SputnikAs letrinhas "diferentes" assustam um brasileiro desavisado ao ver o alfabeto cirílico pela primeira vez. E ainda tem as declinações, que mudam as terminações dos adjetivos, pronomes e nomes, e os verbos de movimento.
A aluna Ana Júlia Ignácio, 15 anos, do 1º ano do ensino médio do Colégio Estadual Tenente Otávio Pinheiro (CETOP), colégio intercultural Brasil-Rússia em Belford Roxo, na Baixada Fluminense, conta que, passado o susto, pegou gosto pelo idioma.
"São 33 letras e um monte de coisa! No início falei 'Cruz credo, tá amarrado!', mas depois peguei o jeito. Depois que aprende, é tranquilo", conta a estudante.
Inaugurada em 2022, a unidade é o primeiro polo de educação intercultural Brasil-Rússia no país e une as disciplinas do ensino médio brasileiro com matérias que envolvem língua, cultura, geopolítica e história da Rússia.
Ouvida pela Spunik Brasil, que visitou a escola, Ana Júlia não acha que os desafios do idioma prejudicaram seu fascínio:
"De início, estudava apenas porque era matéria da escola, mas depois acabei gostando. Estudo aqui na escola e também em casa, pela plataforma da faculdade da RUDN [sigla em russo para Universidade Russa da Amizade dos Povos], vejo vídeos, ouço música russa e gosto de ler poemas", conta ela. "Você se aprofunda e se apaixona, já era", garante a adolescente.
15 de fevereiro 2022, 16:13
"Antes só conhecia aqueles castelos [Kremlin], pontos turísticos… Agora já sei que a Rússia tem 11 fusos horários, que tem lugares em que faz menos 45 °C… Fiquei boba", conta. "E que o índice de analfabetismo é muito baixo, pois na época da União Soviética fizeram um intensivão de aulas", explica a estudante.
A colega Anna Julia Barbosa, 15 anos, já pensa em fazer faculdade na Rússia:
"Nunca achei que fosse sair do país, mas para a Rússia tenho muita vontade.
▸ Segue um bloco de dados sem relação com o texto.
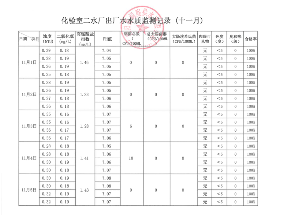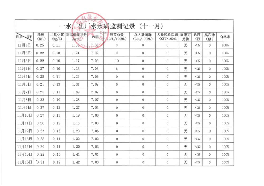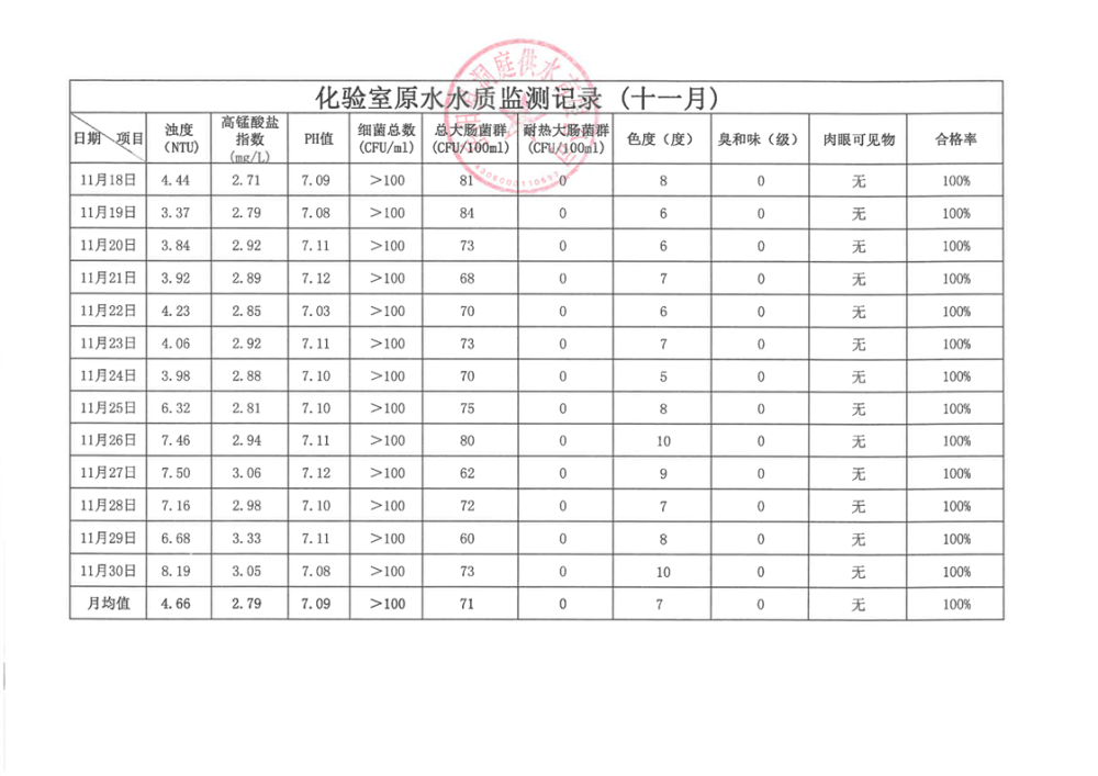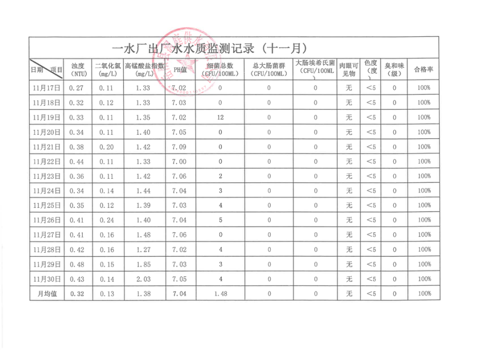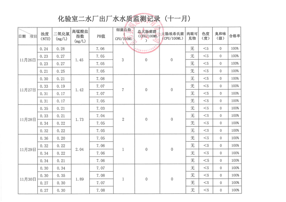 岳阳县洞庭供水有限公司水质检测信息公开(十一月)

Tenho muita curiosidade de conhecer as pessoas, como elas vivem, é um choque cultural que adoraria viver."
De visita ao Brasil, a professora da RUDN Olga Kutsoni diz ter ficado impressionada com a receptividade e o interesse dos alunos da escola de Belford Roxo pela cultura russa:
"Os alunos são muito abertos, muito ativos, interessados. Com os do terceiro ano, falamos sobre a Rússia por meio de poesias, autores contemporâneos. Falamos sobre os símbolos do Estado russo, as tradições russas, os povos que vivem no território da Rússia e falam a língua russa", conta ela.
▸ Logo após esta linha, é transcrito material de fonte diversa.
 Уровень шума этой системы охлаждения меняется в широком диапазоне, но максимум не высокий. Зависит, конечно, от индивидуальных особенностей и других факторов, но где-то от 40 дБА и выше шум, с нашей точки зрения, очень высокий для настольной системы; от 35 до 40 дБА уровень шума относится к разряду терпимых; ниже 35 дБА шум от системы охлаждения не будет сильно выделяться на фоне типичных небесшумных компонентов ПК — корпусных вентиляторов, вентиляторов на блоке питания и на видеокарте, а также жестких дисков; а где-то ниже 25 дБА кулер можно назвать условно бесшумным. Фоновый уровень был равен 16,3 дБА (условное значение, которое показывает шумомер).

Número de alunos brasileiros só aumenta
De acordo com os especialistas e professores ouvidos pela Sputnik Brasil, a demanda por cursos de russo tem aumentado ano a ano nas últimas décadas.
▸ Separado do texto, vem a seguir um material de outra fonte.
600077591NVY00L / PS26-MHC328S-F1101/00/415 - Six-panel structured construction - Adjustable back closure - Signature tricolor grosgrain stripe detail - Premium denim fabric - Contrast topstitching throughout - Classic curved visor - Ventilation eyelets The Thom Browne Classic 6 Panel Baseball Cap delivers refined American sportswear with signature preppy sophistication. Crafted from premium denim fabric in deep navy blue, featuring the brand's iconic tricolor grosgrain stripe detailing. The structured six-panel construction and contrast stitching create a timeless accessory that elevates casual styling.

Professora de literatura e cultura russas da Universidade de São Paulo (USP), Elena Vassina lembra que há 25 anos, quando ingressou como professora na instituição, o número de alunos não passava de três por turma. "Cogitaram até fechar o departamento", lembra. "Hoje recebemos cerca de 30 alunos por turma", celebra Vassina.
"É maravilhoso, porque vejo como a cada ano está crescendo, se ampliando o interesse pela língua russa, pela literatura russa. Agora três alunos nossos estão fazendo intercâmbio em Moscou. Além da USP, vejo como se amplia o interesse", comemora.
A maioria dos alunos de Vassina tem a literatura como principal atrativo para cursar a faculdade:
"Ontem fiquei das 18h00 até meia-noite falando de Nabokov, de "Lolita", com o Clube das Meninas, na faixa de 20 anos de idade. Amanhã vou à Biblioteca do Senado falar sobre os demônios de Dostoiévski."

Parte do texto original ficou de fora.